The entries below contain pictures, which are to be left out; write out exactly, and only, the lines from the line with "Für unsere kleinen" up to and including the line with "SERVİS MİNİBÜSÜ BİÇERDÖVERE ÇARPTI; 2’Sİ AĞIR 13 YARALI SERVİS".

+++ Excerpted data

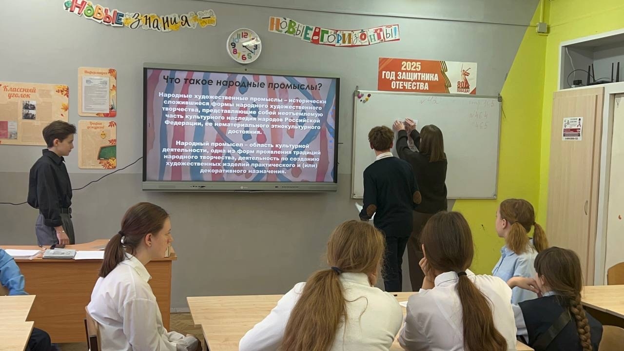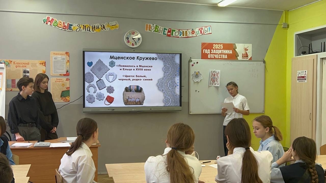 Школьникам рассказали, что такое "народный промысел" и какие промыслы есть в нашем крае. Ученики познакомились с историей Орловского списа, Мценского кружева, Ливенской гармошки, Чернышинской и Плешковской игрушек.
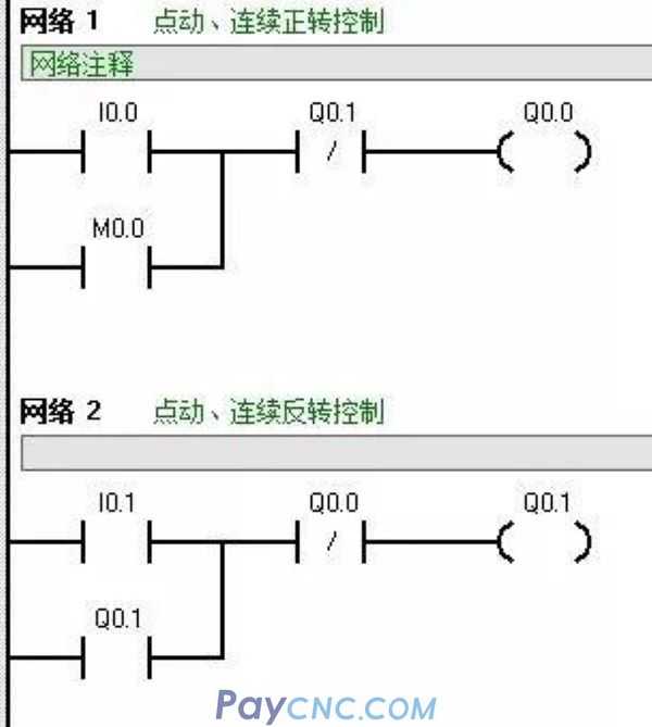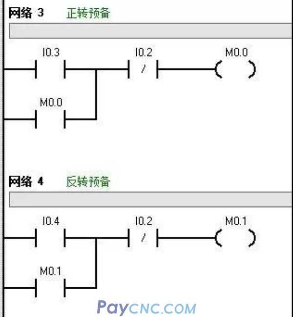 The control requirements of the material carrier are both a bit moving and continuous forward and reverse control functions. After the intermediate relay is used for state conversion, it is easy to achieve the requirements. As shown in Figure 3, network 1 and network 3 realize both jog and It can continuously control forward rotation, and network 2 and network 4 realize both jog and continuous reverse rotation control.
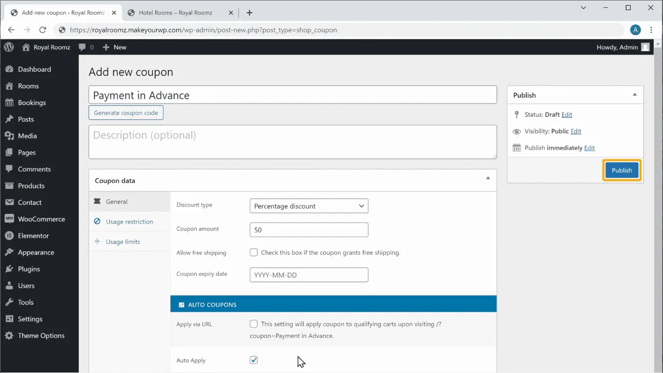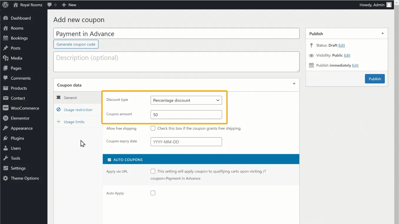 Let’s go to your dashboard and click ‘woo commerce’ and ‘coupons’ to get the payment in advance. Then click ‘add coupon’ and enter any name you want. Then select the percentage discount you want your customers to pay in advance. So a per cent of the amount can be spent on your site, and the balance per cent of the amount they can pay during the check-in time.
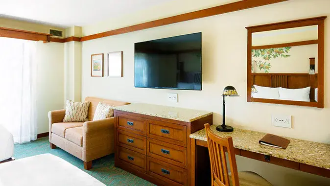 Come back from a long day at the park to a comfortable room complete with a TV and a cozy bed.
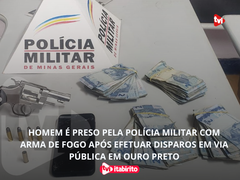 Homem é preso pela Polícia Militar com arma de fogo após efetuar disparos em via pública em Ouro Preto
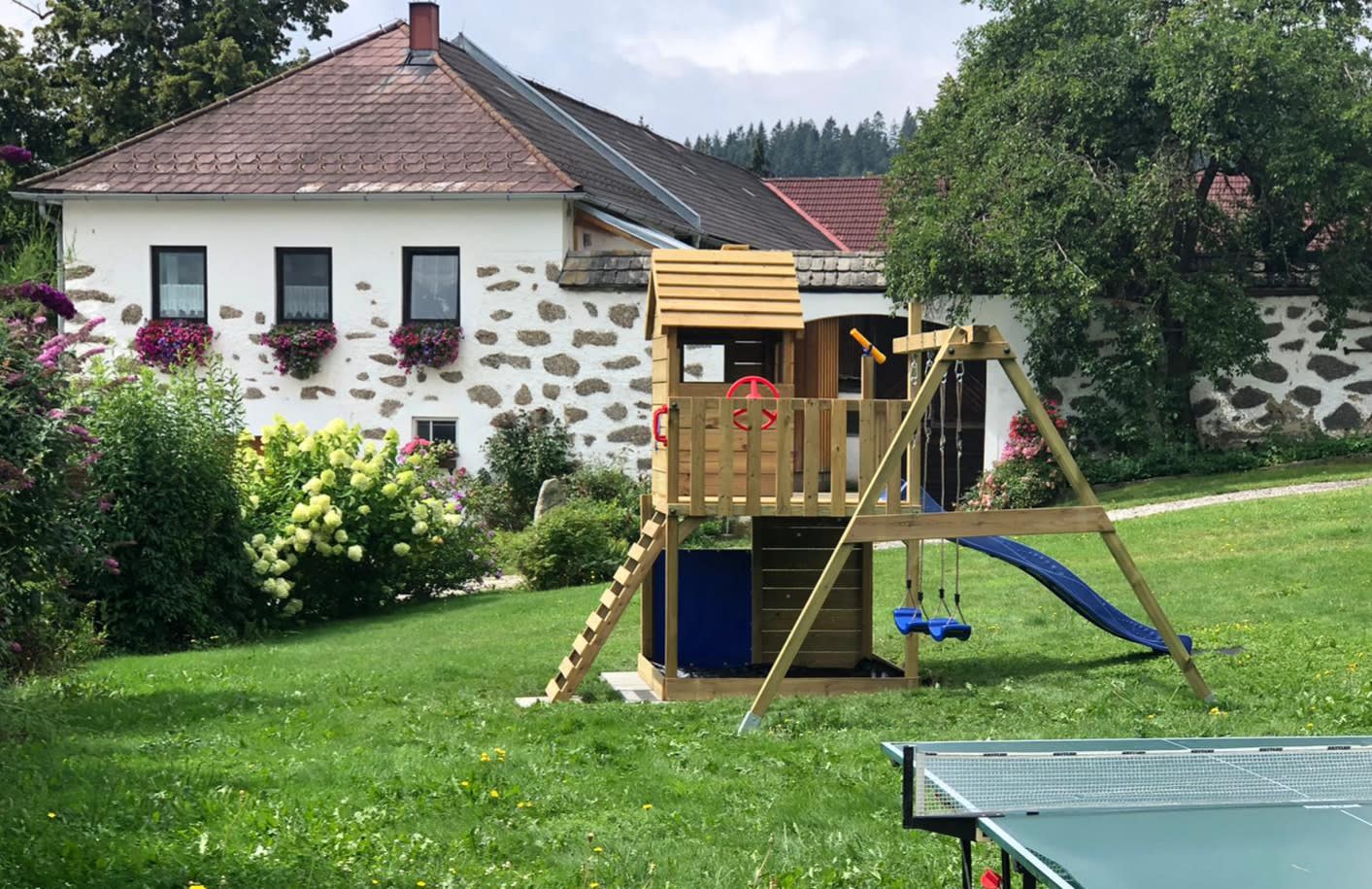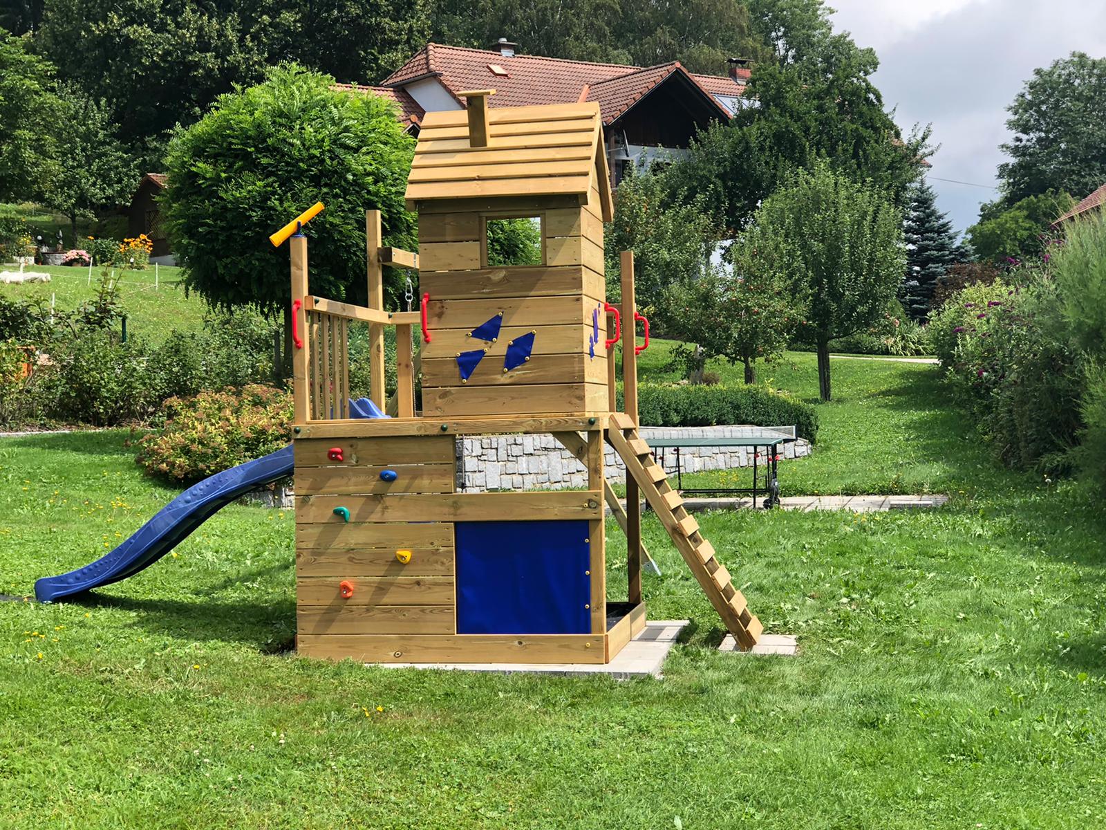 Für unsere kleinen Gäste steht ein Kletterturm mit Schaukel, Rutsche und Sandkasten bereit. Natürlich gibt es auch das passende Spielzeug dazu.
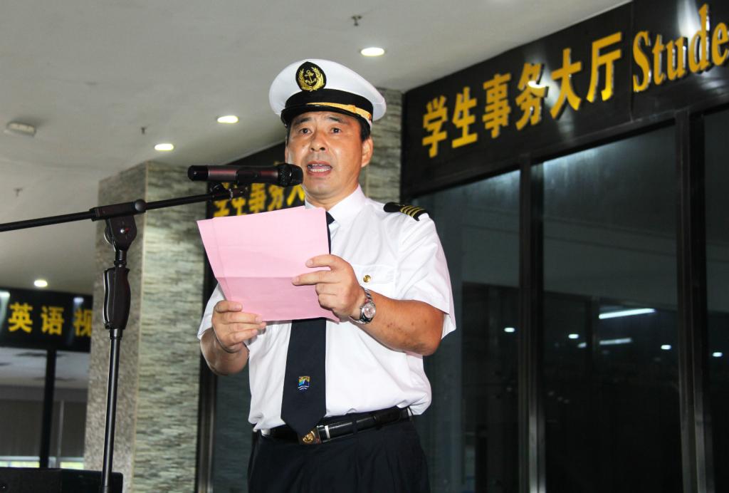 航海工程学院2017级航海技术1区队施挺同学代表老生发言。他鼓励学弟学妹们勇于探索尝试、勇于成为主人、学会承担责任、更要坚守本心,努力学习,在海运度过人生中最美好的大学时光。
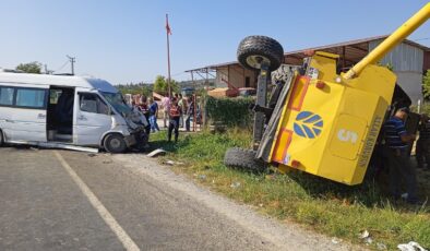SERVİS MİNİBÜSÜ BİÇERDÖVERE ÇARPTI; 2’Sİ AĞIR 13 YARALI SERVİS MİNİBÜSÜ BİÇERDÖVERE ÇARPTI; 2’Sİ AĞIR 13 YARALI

++++++
+++ Excerpted data

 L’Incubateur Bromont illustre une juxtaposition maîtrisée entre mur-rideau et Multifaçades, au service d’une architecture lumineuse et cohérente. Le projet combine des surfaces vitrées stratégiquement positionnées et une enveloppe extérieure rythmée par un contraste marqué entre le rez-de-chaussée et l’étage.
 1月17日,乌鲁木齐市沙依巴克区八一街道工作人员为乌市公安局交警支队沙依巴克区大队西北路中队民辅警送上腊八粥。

++++++

#### Answer space
 Für unsere kleinen Gäste steht ein Kletterturm mit Schaukel, Rutsche und Sandkasten bereit. Natürlich gibt es auch das passende Spielzeug dazu.
 航海工程学院2017级航海技术1区队施挺同学代表老生发言。他鼓励学弟学妹们勇于探索尝试、勇于成为主人、学会承担责任、更要坚守本心,努力学习,在海运度过人生中最美好的大学时光。
SERVİS MİNİBÜSÜ BİÇERDÖVERE ÇARPTI; 2’Sİ AĞIR 13 YARALI SERVİS MİNİBÜSÜ BİÇERDÖVERE ÇARPTI; 2’Sİ AĞIR 13 YARALI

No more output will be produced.